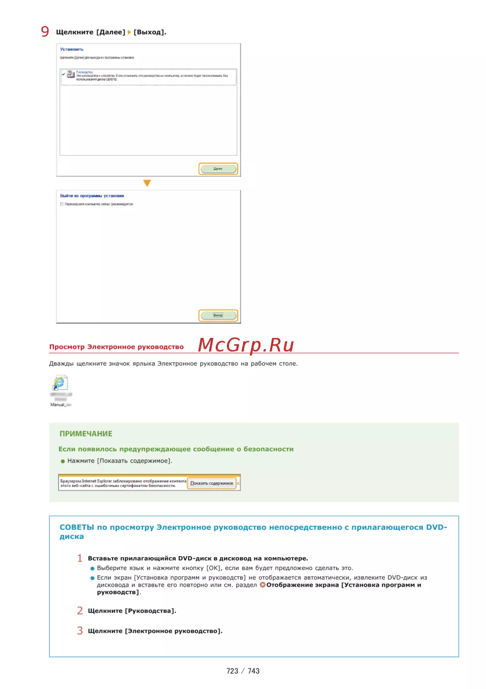У Щелкните Далее Выход УС1Ш ОВМ1Ь шег ле щен дои в дани из гсоюиш ви Выитм из программы установки г теяипа е идагъигер ас ие 01 п 1 Просмотр Электронное руководство Дважды щелкните значок ярлыка Электронное руководство на рабочем столе ПРИМЕЧАНИЕ Если появилось предупреждающее сообщение о безопасности Нажмите Показать содержимое Браузером Гп1етпе Е р1огег заблокировано отображение контента тоге веб сайте с ошибочным сертификатом опасности оказать содержимое СОВЕТЫ по просмотру Электронное руководство непосредственно с прилагающегося 070диска _ Вставьте прилагающийся ОУО диск в дисковод на компьютере Выберите язык и нажмите кнопку ОК если вам будет предложено сделать это Если экран Установка программ и руководств не отображается автоматически извлеките Р Р диск из дисковода и вставьте его повторно или см раздел О Отображение экрана Установка программ и руководств 2 Щелкните Руководства 3 Щелкните Электронное руководство 723 743
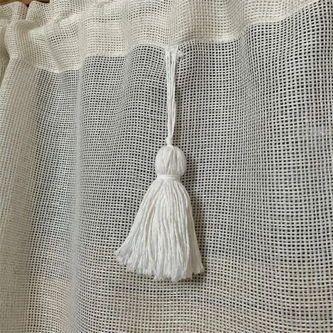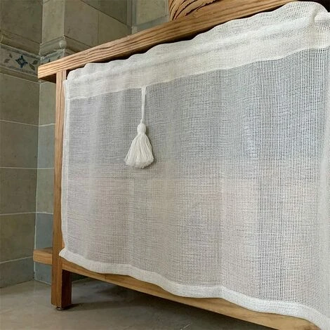 Les demi-rideaux sont en voile. Le tissu d’apparence lin est doux, ce qui protège l’intimité et évite les rayons du soleil.
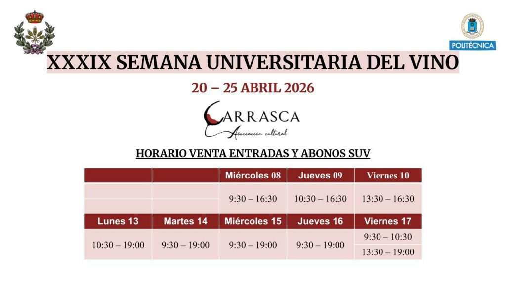 Este es el horario en el que podréis acercaros al local para pagar las entradas de la XXXIX Semana Universitaria del Vino.
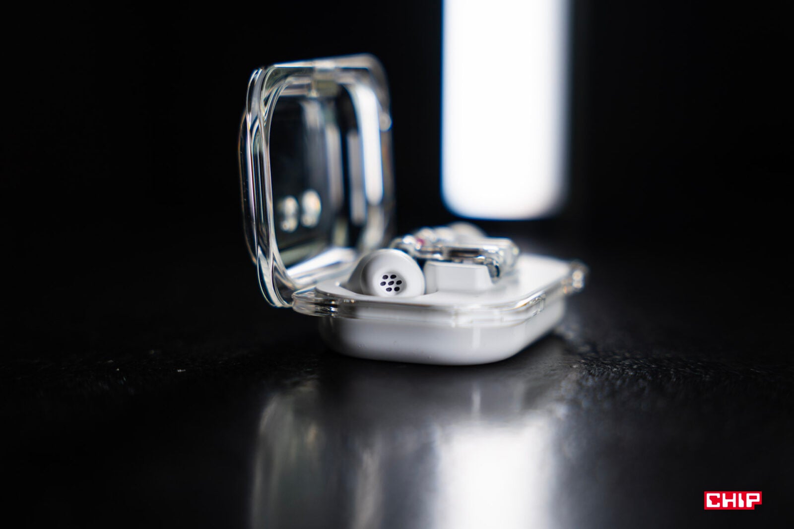 Słuchawki są twarde, a jedyna miękka część to oczywiście końcówki, które wkładamy do ucha. Przyznam szczerze, że po dłuższym czasie (ponad 2 godziny) stają się nieco niewygodne. Leżąc w łóżku również należy uważać – jeśli kładzie się głowę na boku, wówczas dociska się je, co może być niekomfortowe. Nieprzyjemnie wbijają się w ucho. Nothing ear (a) mogą nam posłużyć do rozmów telefonicznych – jednak należy liczyć się z tym, że głos osoby mówiącej do nas będzie nieco zniekształcony i brzmi z dziwnym pogłosem. Nie ma natomiast problemów ze słyszeniem, gdy to my mówimy.
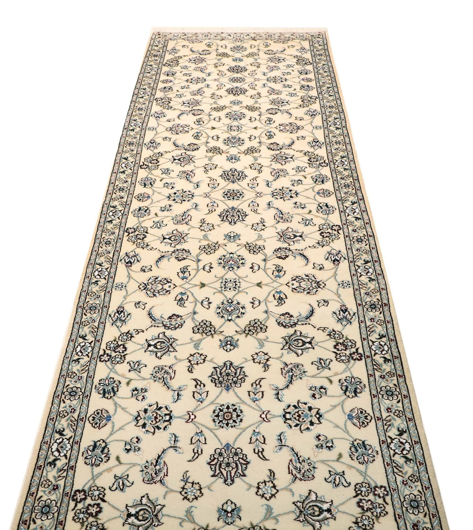 2831$Ursprünglicher Preis war: 2831$2542$Aktueller Preis ist: 2542$Nain Teppich | Knotendichte: ca. 500.000 Knoten/m² | Material: 100% Schurwolle (Flor), 100% Baumwolle (Kette) | Größe: 93 x 332 cm | Herkunft: Iran | Zustand: Handgeknüpft, exklusive Qualität | Muster: Klassische florale Motive in hellen und königsblauen Tönen
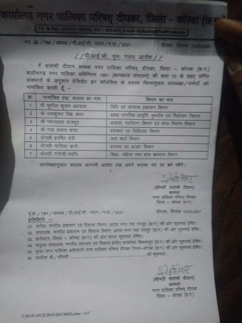 Home Politics दीपिका नगर पालिका में हुआ पी आई सी का नया गठन PoliticsState दीपिका नगर पालिका में हुआ पी आई सी का नया गठन By Anurag Rathore - March 22, 2021 837 0 FacebookTwitterPinterestWhatsApp नगर पालिका अध्यक्ष श्रीमती संतोषी दीवान ने गठित की नई पीआईसी । काँग्रेस को समर्थन देने वाली निर्दलीय पार्षद श्रीमती निशा बंजारे को दिखाया बाहर का रास्ता । भाजपा पार्षद श्रीमती गंगोत्री राठौर काँग्रेस सरकार में नई पीआईसी सदस्य होंगी ।
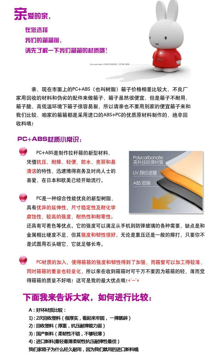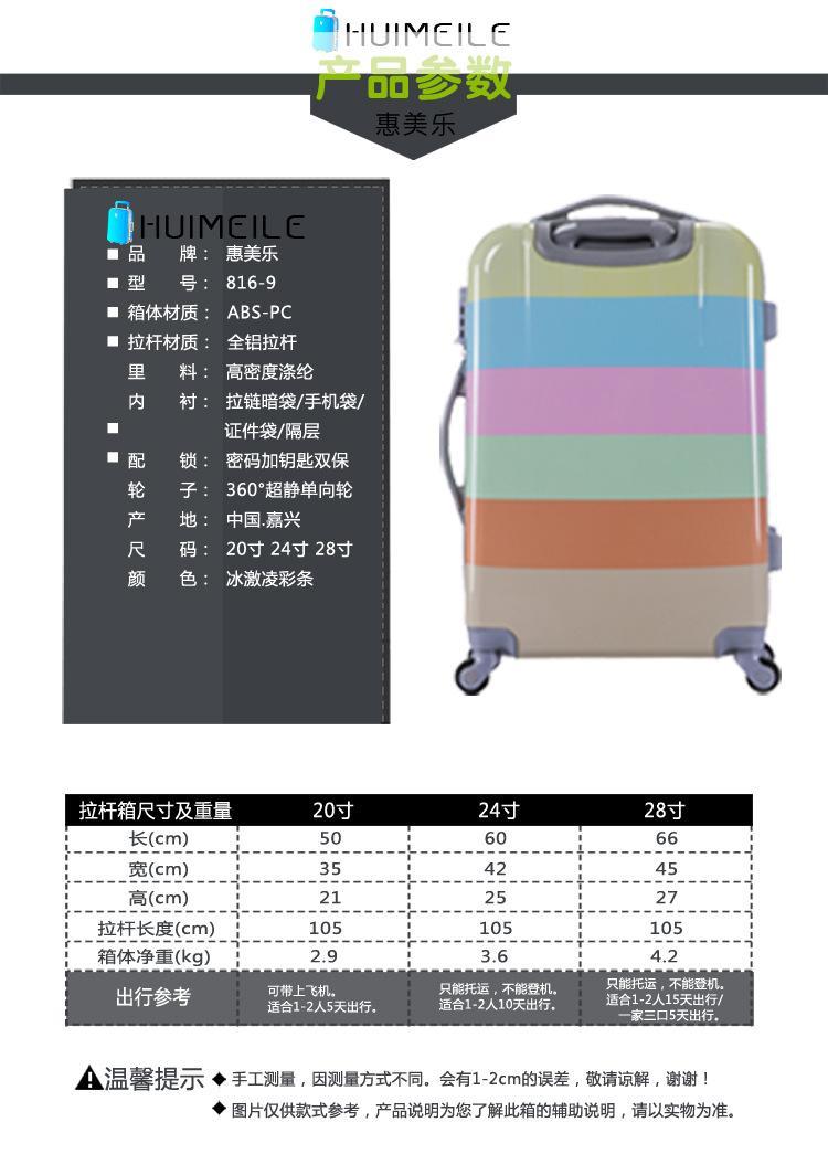 (长宽高尺寸只是参考尺寸,不同品牌拉杆箱尺寸会略有不同,主要是利用三边之和来判断。)
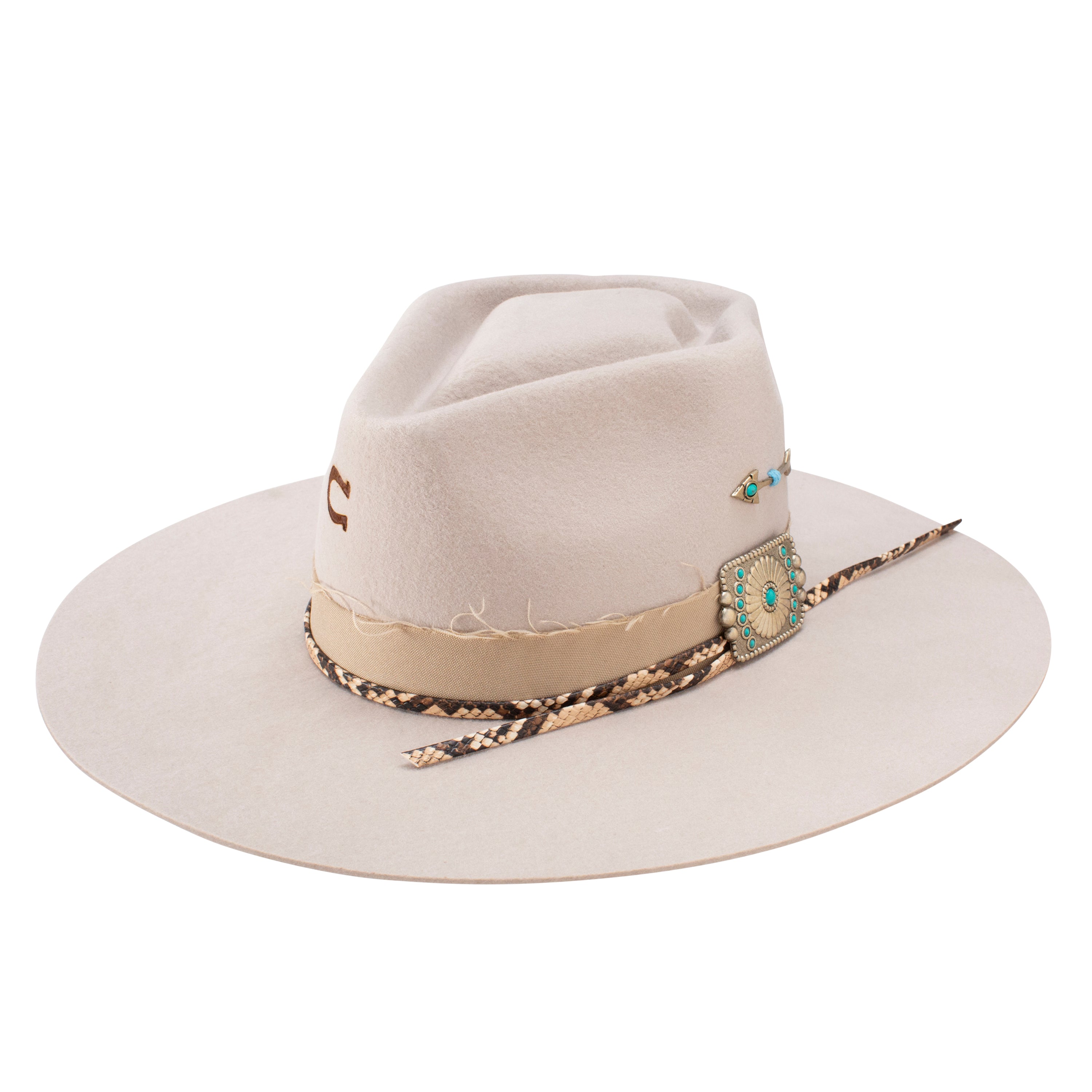 This is the perfect hat for the adventuress in you! The Spear Point in Silver Belly stands out with its frayed edges and faux snakeskin on the hatband. As part of the Charlie 1 Horse Rambler Collection, this hat will not disappoint!
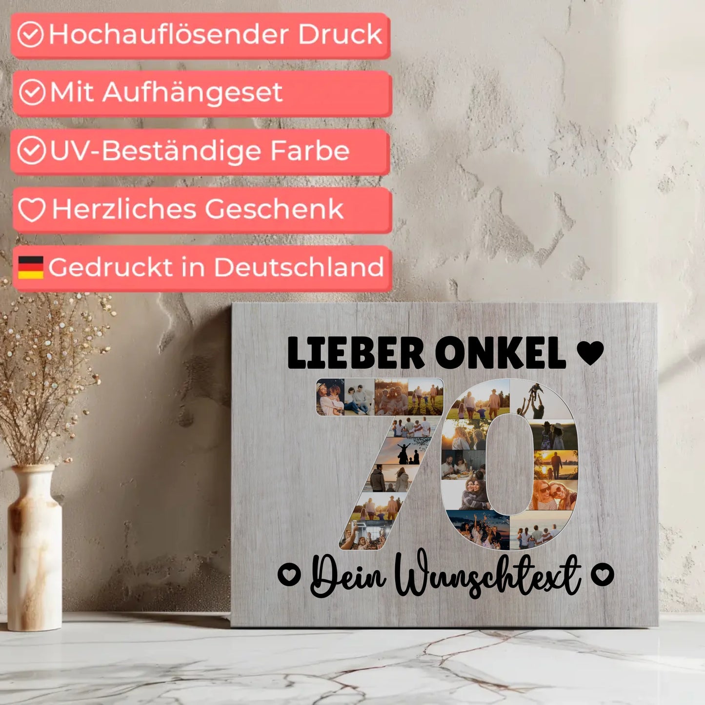Personalisierte Fotoleinwand Wunschtext 70 Geburtstag Onkel

● ● ● ●

__Work instructions__
Each line from the start of the entries to the line holding "Este es el horario" is to be given again exactly, both ends included, and each picture is to be left out.

__Answer to this task__
У Щелкните Далее Выход УС1Ш ОВМ1Ь шег ле щен дои в дани из гсоюиш ви Выитм из программы установки г теяипа е идагъигер ас ие 01 п 1 Просмотр Электронное руководство Дважды щелкните значок ярлыка Электронное руководство на рабочем столе ПРИМЕЧАНИЕ Если появилось предупреждающее сообщение о безопасности Нажмите Показать содержимое Браузером Гп1етпе Е р1огег заблокировано отображение контента тоге веб сайте с ошибочным сертификатом опасности оказать содержимое СОВЕТЫ по просмотру Электронное руководство непосредственно с прилагающегося 070диска _ Вставьте прилагающийся ОУО диск в дисковод на компьютере Выберите язык и нажмите кнопку ОК если вам будет предложено сделать это Если экран Установка программ и руководств не отображается автоматически извлеките Р Р диск из дисковода и вставьте его повторно или см раздел О Отображение экрана Установка программ и руководств 2 Щелкните Руководства 3 Щелкните Электронное руководство 723 743
 Les demi-rideaux sont en voile. Le tissu d’apparence lin est doux, ce qui protège l’intimité et évite les rayons du soleil.
 Este es el horario en el que podréis acercaros al local para pagar las entradas de la XXXIX Semana Universitaria del Vino.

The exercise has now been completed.